Task description: The answer must be only the lines below from the one holding "Anewsta بنطلون سيدات" down to the one holding "Spatial distributions of", ends included, printed exactly; please omit all pictures.
START Data excerpts
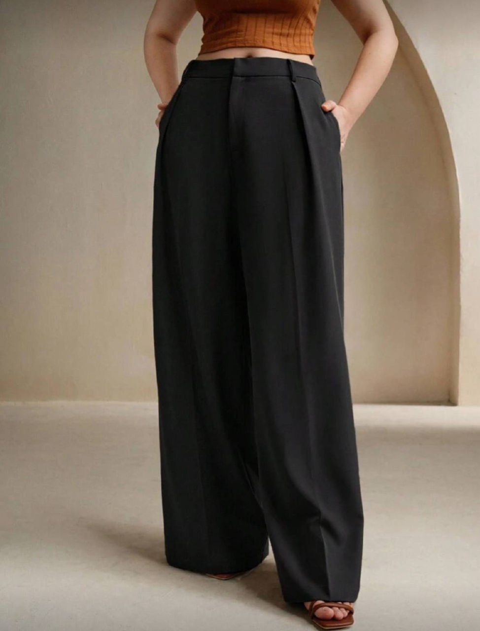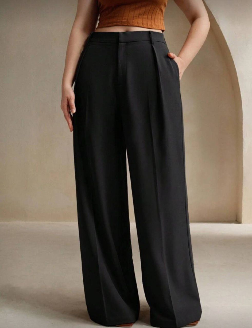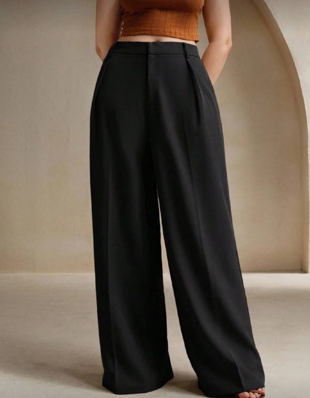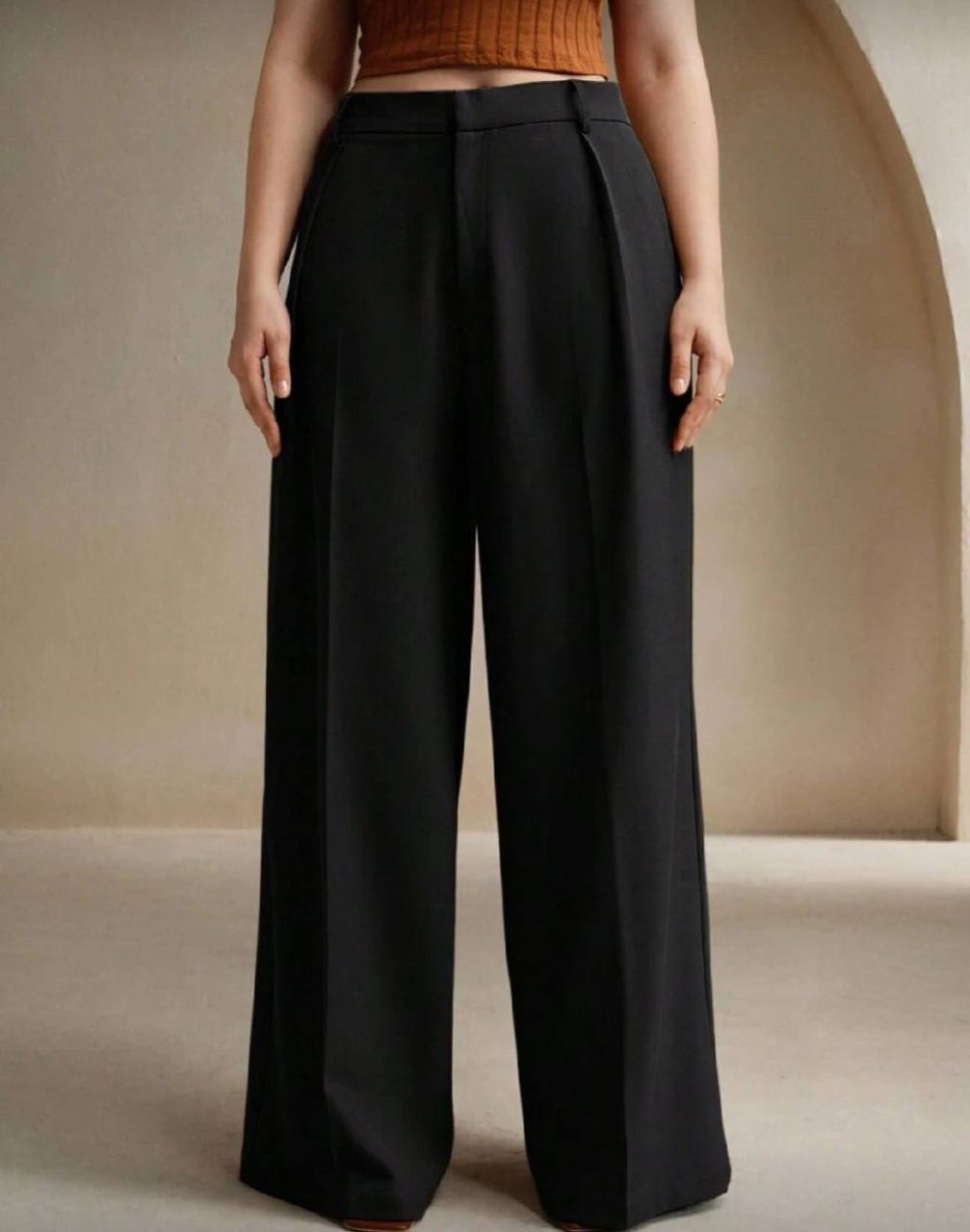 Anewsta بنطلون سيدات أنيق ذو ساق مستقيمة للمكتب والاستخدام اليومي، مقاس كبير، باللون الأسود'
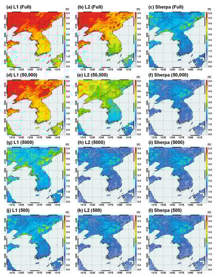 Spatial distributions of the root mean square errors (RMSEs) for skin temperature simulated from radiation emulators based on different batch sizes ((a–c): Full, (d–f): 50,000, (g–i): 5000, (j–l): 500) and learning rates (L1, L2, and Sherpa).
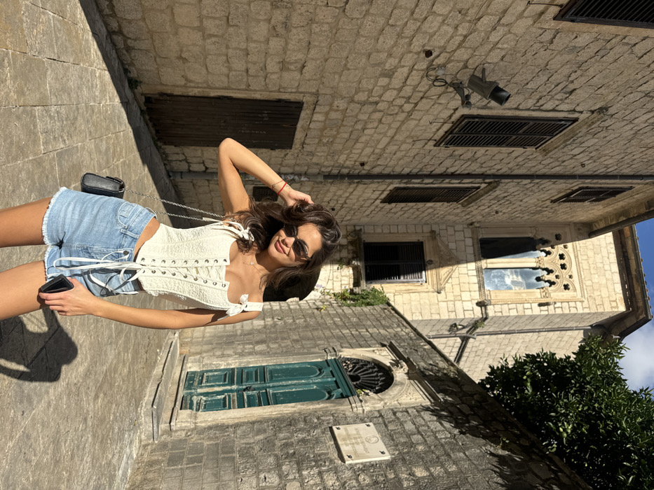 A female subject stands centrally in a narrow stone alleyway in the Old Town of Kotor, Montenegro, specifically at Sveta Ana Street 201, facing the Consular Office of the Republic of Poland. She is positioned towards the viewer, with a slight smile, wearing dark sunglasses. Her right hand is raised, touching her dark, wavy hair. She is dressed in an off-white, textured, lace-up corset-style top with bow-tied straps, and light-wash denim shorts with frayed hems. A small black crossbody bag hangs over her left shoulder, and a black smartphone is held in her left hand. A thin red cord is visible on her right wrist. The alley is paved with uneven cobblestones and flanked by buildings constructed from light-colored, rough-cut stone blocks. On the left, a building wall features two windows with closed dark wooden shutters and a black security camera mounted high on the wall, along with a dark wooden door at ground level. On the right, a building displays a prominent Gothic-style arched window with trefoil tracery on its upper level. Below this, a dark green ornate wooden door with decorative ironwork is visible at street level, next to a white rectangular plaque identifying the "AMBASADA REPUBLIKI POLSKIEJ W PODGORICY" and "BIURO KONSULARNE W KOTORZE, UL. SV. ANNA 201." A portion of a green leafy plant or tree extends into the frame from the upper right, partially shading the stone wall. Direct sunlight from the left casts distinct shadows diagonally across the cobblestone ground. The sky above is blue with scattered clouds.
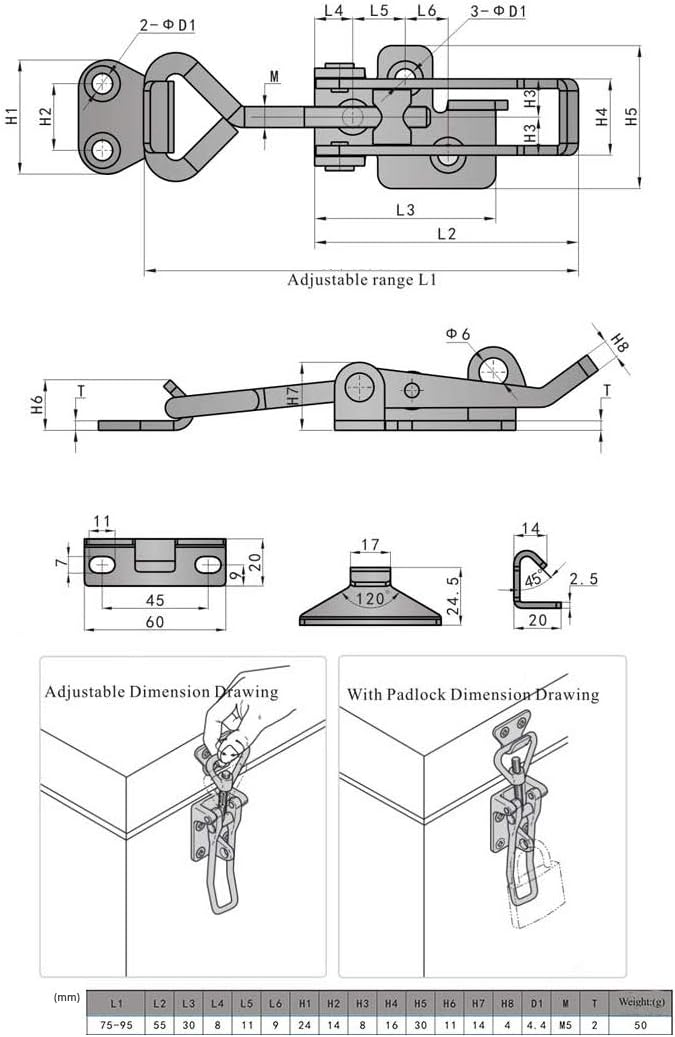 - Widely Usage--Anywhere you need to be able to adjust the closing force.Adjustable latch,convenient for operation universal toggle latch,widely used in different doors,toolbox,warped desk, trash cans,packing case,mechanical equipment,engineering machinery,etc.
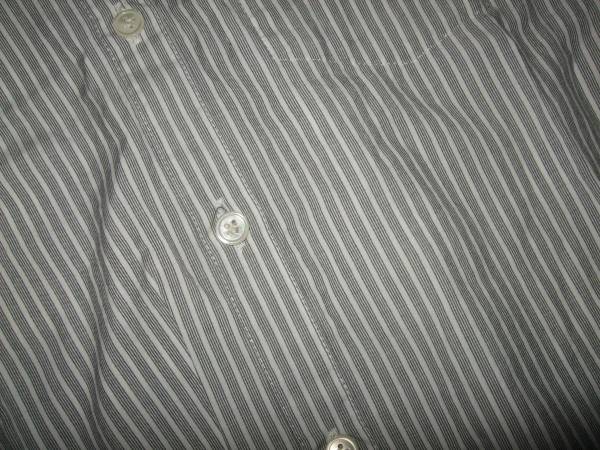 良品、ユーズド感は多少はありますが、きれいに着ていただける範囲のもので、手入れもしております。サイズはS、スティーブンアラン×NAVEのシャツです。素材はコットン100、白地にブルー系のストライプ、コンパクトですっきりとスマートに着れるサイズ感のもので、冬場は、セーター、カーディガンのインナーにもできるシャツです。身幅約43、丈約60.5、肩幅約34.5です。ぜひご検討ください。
END Data excerpts
START Data excerpts
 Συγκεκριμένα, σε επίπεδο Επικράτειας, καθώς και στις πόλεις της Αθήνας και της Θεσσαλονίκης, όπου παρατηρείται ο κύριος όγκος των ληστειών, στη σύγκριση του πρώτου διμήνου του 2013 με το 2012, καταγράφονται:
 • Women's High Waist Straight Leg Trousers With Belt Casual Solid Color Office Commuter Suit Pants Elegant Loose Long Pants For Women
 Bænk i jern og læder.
END Data excerpts
Exercise result:
 Anewsta بنطلون سيدات أنيق ذو ساق مستقيمة للمكتب والاستخدام اليومي، مقاس كبير، باللون الأسود'
 Spatial distributions of the root mean square errors (RMSEs) for skin temperature simulated from radiation emulators based on different batch sizes ((a–c): Full, (d–f): 50,000, (g–i): 5000, (j–l): 500) and learning rates (L1, L2, and Sherpa).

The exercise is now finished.